This is a rogue industry. Yes, present tense intended.

— I was all set to criticize Bloomberg for creating a false impression here that it’s got some kind of scoop or picked up on something most everybody missed regarding the Schedule A memo released last month by Darrell Issa, the congressman who’s been kicking tail on the House Oversight Committee.

A potentially more important development slipped by with less notice, Bloomberg Markets reports in its April issue. Representative Darrell Issa, the ranking Republican on the House Committee on Oversight and Government Reform, placed into the hearing record a five-page document itemizing the mortgage securities on which banks such as Goldman Sachs Group Inc. and Societe Generale SA had bought $62.1 billion in credit-default swaps from AIG.

Bloomberg itself has written about this, as has Reuters’ Matthew Goldstein, who set the ball in motion with a FOIA request when he was a BusinessWeek reporter that caused the Fed to cover up public information. My impression was that the story went big (I went on paternity leave for a few weeks right after the news). But a quick Factiva search shows it didn’t. The WSJ gave it all of 324 words. That’s nearly 324 better than the NYT did, though. The only mention I find there is at the tail end of a story and it just notes that Issa released it.

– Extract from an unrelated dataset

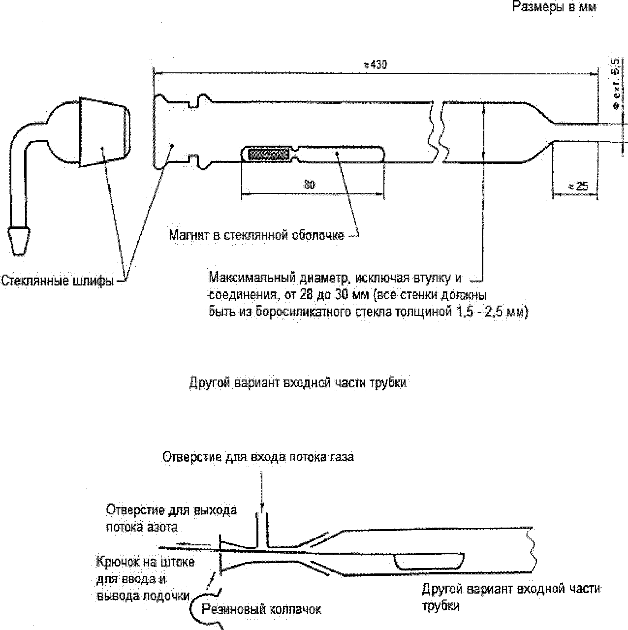 2. В качестве варианта изоляции от внешней среды можно использовать осушительную трубку с зауженным входным отверстием и стержень для введения лодочки. При этом стержень должен выниматься и входное отверстие трубки быстро, насколько это возможно, закрываться.

So good for Bloomberg for revisiting this in-depth. We’ve criticized the one-and-already-been-done journalism mentality, so more power to them. And this is good stuff:

The public can now see for the first time how poorly the securities performed, with losses exceeding 75 percent of their notional value in some cases. Compounding this, the document and Bloomberg data demonstrate that the banks that bought the swaps from AIG are mostly the same firms that underwrote the CDOs in the first place.

The banks should have to explain how they managed to buy protection from AIG primarily on securities that fell so sharply in value, says Daniel Calacci, a former swaps trader and marketer who’s now a structured-finance consultant in Warren, New Jersey. In some cases, banks also owned mortgage lenders, and they should be challenged to explain whether they gained any insider knowledge about the quality of the loans bundled into the CDOs, he says.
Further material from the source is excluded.